The aluminum alloy 1 of Table 1 essentially corresponds to a standard alloy AA6061 after addition of the trace element Sn, it being conceivable instead of tin to use indium or a combination of Sn and In. Alloy 2 represents the composition according to the invention of the 6xxx series and is relatively recycling-friendly due to the comparatively high Fe content.

The aluminum alloy 1 is significantly outside the inventively tuned Si / Fe content, we can see this for example in FIG. 1. The Aluminum alloy 2 is placed substantially centrally in this tuned Si / Fe content.

Both aluminum alloys 1 and 2 were solution-annealed in solid solution, quenched, and cold-cured by aging at room temperature and then thermoset. Solution heat treatment was carried out at a temperature greater than 530 degrees Celsius - quenching at a quench rate greater than 20 degrees Celsius / second. Both alloys 1 and 2 were subjected to a storage time or cold curing of 180 days [d] and a 30-minute thermosetting at different temperatures. Brinell hardness [HBW] was determined during cold aging and after hot aging.

With regard to the storage stability, it can be seen from FIG. 2 that the alloy 1 undergoes a comparatively rapidly increasing cold hardening during storage at room temperature after only 14 days - which leads disadvantageously to a comparatively high and increasing Brinell hardness over a longer storage time and is disadvantageous reshape before hot curing.

In contrast, in the case of alloy 2, initial cold hardening does not become apparent until after about 180 days, as a result of which alloy 2 according to the invention is considered to be particularly stable in storage. Such a surprisingly high storage stability has not yet been observed with any 6xxx alloy. This leads to an unexpected, enormous gain in the manipulation time of the alloy after quenching in the soft state.

In the subsequent hot curing, it can be seen in the comparison of the two alloys according to FIG. 3 that the alloy 2 initially lags behind the alloy 1 at lower aging temperatures in the Brinell hardness. At higher aging temperatures, the Brinell hardness of the alloy 1 can be significantly exceeded.

Claims

P a t e n t a n g e s: 1. A curable aluminum alloy based on Al-Mg-Si

from 0.6 to 1% by weight of magnesium (Mg),

from 0.2 to 0.7% by weight of silicon (Si),

from 0.1 to 0.7% by weight of iron (Fe),

from 0.05 to 0.4% by weight of copper (Cu),

not more than 0.15% by weight of manganese (Mn),

not more than 0.35% by weight of chromium (Cr),

not more than 0.2% by weight of zirconium (Zr),

not more than 0.25% by weight of zinc (Zn),

not more than 0.15% by weight of titanium (Ti),

0.005 to 0.075% by weight of tin (Sn) and / or indium (In)

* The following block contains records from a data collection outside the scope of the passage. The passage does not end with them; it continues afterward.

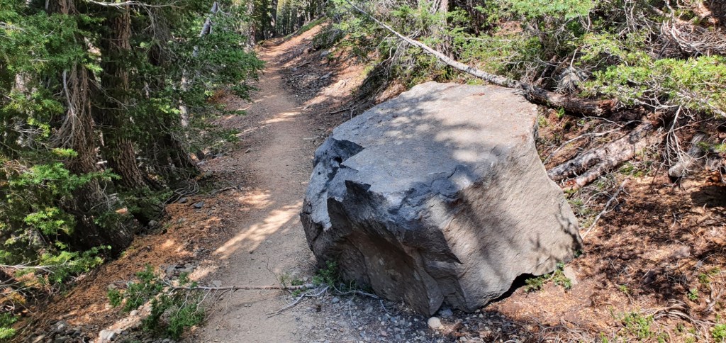 I walked along some of the flattest and softest trail I’ve ever seen today. In the morning, I walked to highway 138 and had lunch at a huge water cache. In the afternoon, we climbed up and around Mt Thielsen to camp at Theilsen Creek Meadows, a total distance of 16 miles, 25.7 km.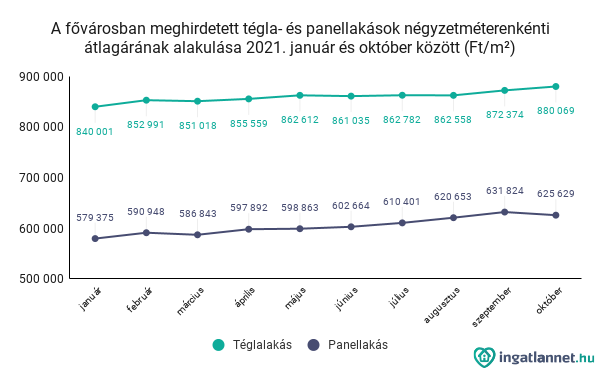 Az idei év további részében a használt lakásoknál az ingatlanpiaci előrejelzéseket is túlszárnyaló drágulás vette kezdetét. Az áremelkedés az ingatlannet.hu aktuális statisztikái szerint októberre meghaladta a 10%-ot országos szinten. A használt téglalakások négyzetméterenkénti átlagára 14%-kal, míg a panellakásoké csaknem 8%-kal nőtt a januárban rögzített adatokhoz mérten.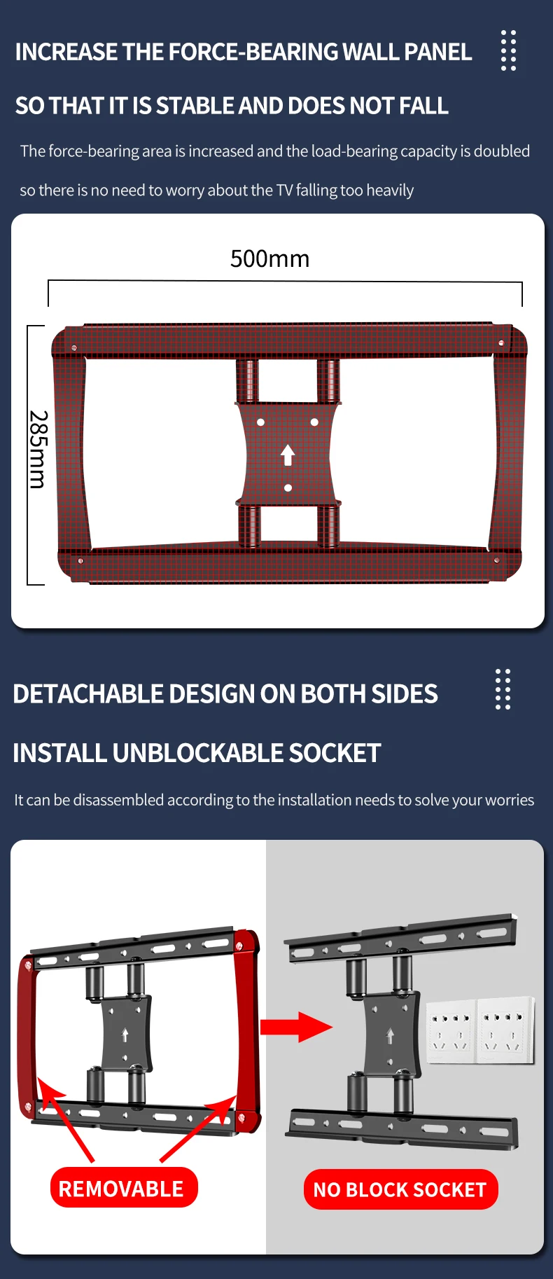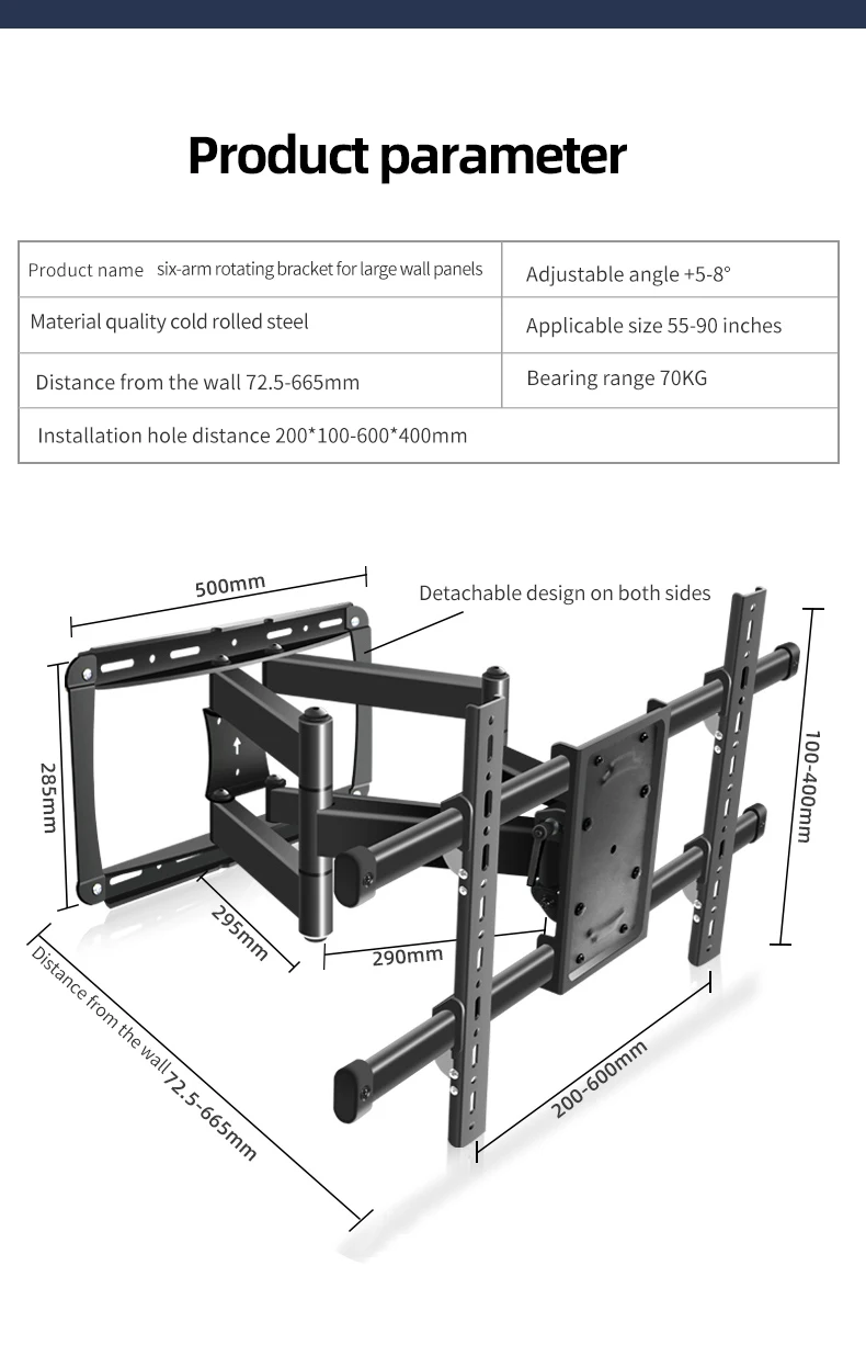 Comprar HILLPORT 55-100 pulgadas soporte de montaje en pared para TV de alta resistencia soporte de TV inclinable ultrafino Digital ajustable VESA 600*400MM DY777
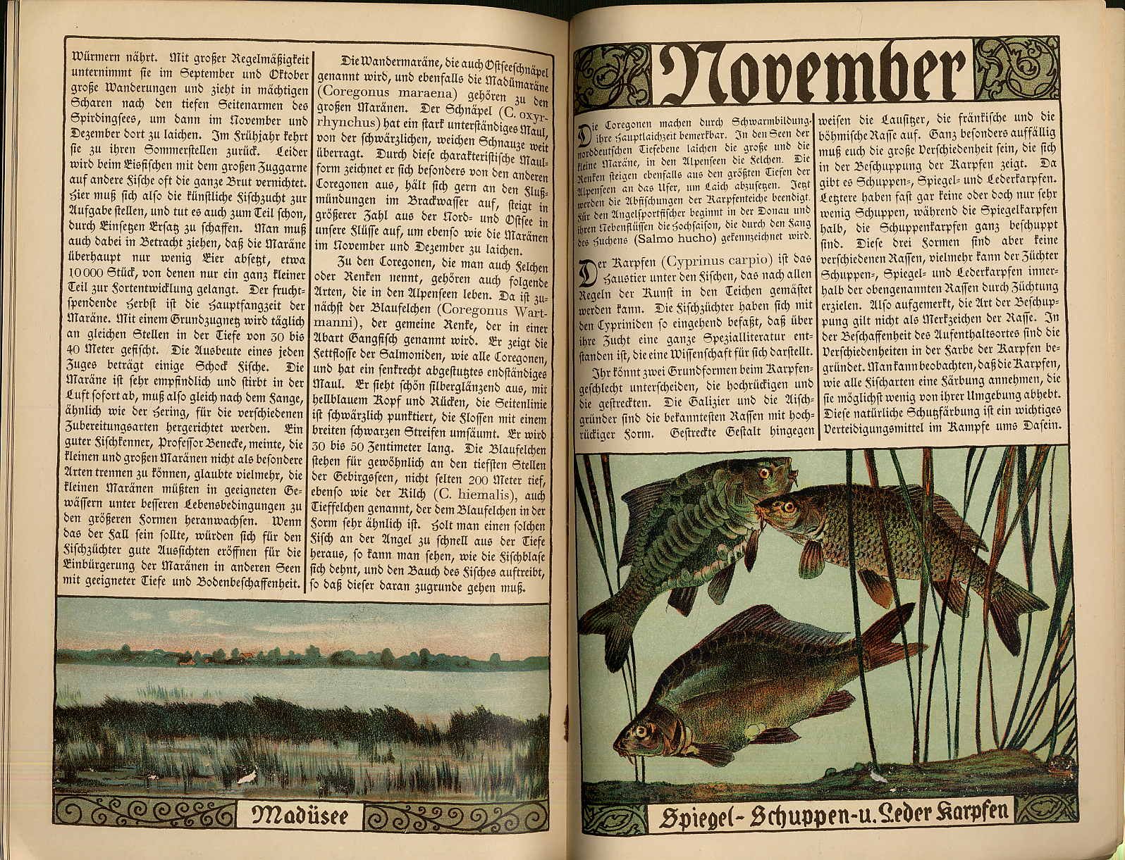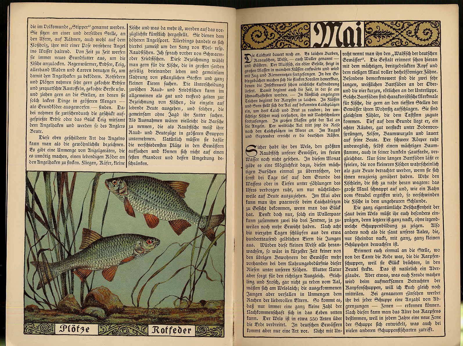 Fechner, Hanns und Carl Paeske: Fischkalender. 1. Teil: Fische unserer Flüsse und Seen. Leipzig, Fr. Wilh. Grunow, [1908]. Ca. 29 x 19,5 cm. (28 Seiten). Mit Farblithographien nach Zeichnungen von Berthold Clauß. Farbig illustrierter, lithographierter, ausgestanzerter Orig.-Halbleinenband. Originalhalbleinwandeinband mit ausgestanzten Teilen (Fisch, Seerosen) am Vorderdeckel. Einbandkanten minimal bestoßen, Hinterdeckel am unteren Rand etwas fleckig. Sehr dekorativer Kalender der zu jedem Monat eine Fischart mit ausführlicher Beschreibung zeigt. Gutes Exemplar.

and the balance aluminum and production-related unavoidable impurities, wherein

the ratio of the weight percent of Si / Fe is less than 2.5

and the content of Si according to the equation

Wt% Si = A + [0.3 ^* (wt% Fe)]

with the parameter A in the range of 0.17 to 0.4% by weight

certainly.

2. Aluminum alloy according to claim 1, characterized in that the parameter A is in the range of 0.26 to 0.34 wt .-%.

3. Aluminum alloy according to claim 1 or 2, characterized in that the parameter A is 0.3 wt .-%.

4. Aluminum alloy according to claim 1, 2 or 3, characterized in that and the content of Si according to the equation Wt% Si = A + [0.3 ^* (wt% Fe)] - wt% Ti

certainly.

5. Aluminum alloy according to one of claims 1 to 4, characterized in that the ratio of the weight percent of Si / Fe is less than 2.

6. Aluminum alloy according to one of claims 1 to 5, characterized in that the ratio of the weight percent of Si / Mg is in the range of 0.3 to 0.9.

7. Aluminum alloy according to one of claims 1 to 6, characterized in that the aluminum alloy has at least 0.25 wt .-% copper (Cu).

8. Aluminum alloy according to one of claims 1 to 7, characterized in that the aluminum alloy in the range of 0.005 to 0.05 wt .-% tin (Sn) in solid solution in the aluminum mixed crystal.

9. Aluminum alloy according to one of claims 1 to 8, characterized in that the aluminum alloy belongs to the 6xxx series.

10. Aluminum alloy according to one of claims 1 to 9, characterized in that the aluminum alloy has a maximum of 0.05 wt .-% chromium (Cr) and more than 0.05 wt .-% zirconium (Zr).

1 1. Aluminum alloy according to one of claims 1 to 10, characterized in that the aluminum alloy has at least 0.02 wt .-% chromium (Cr).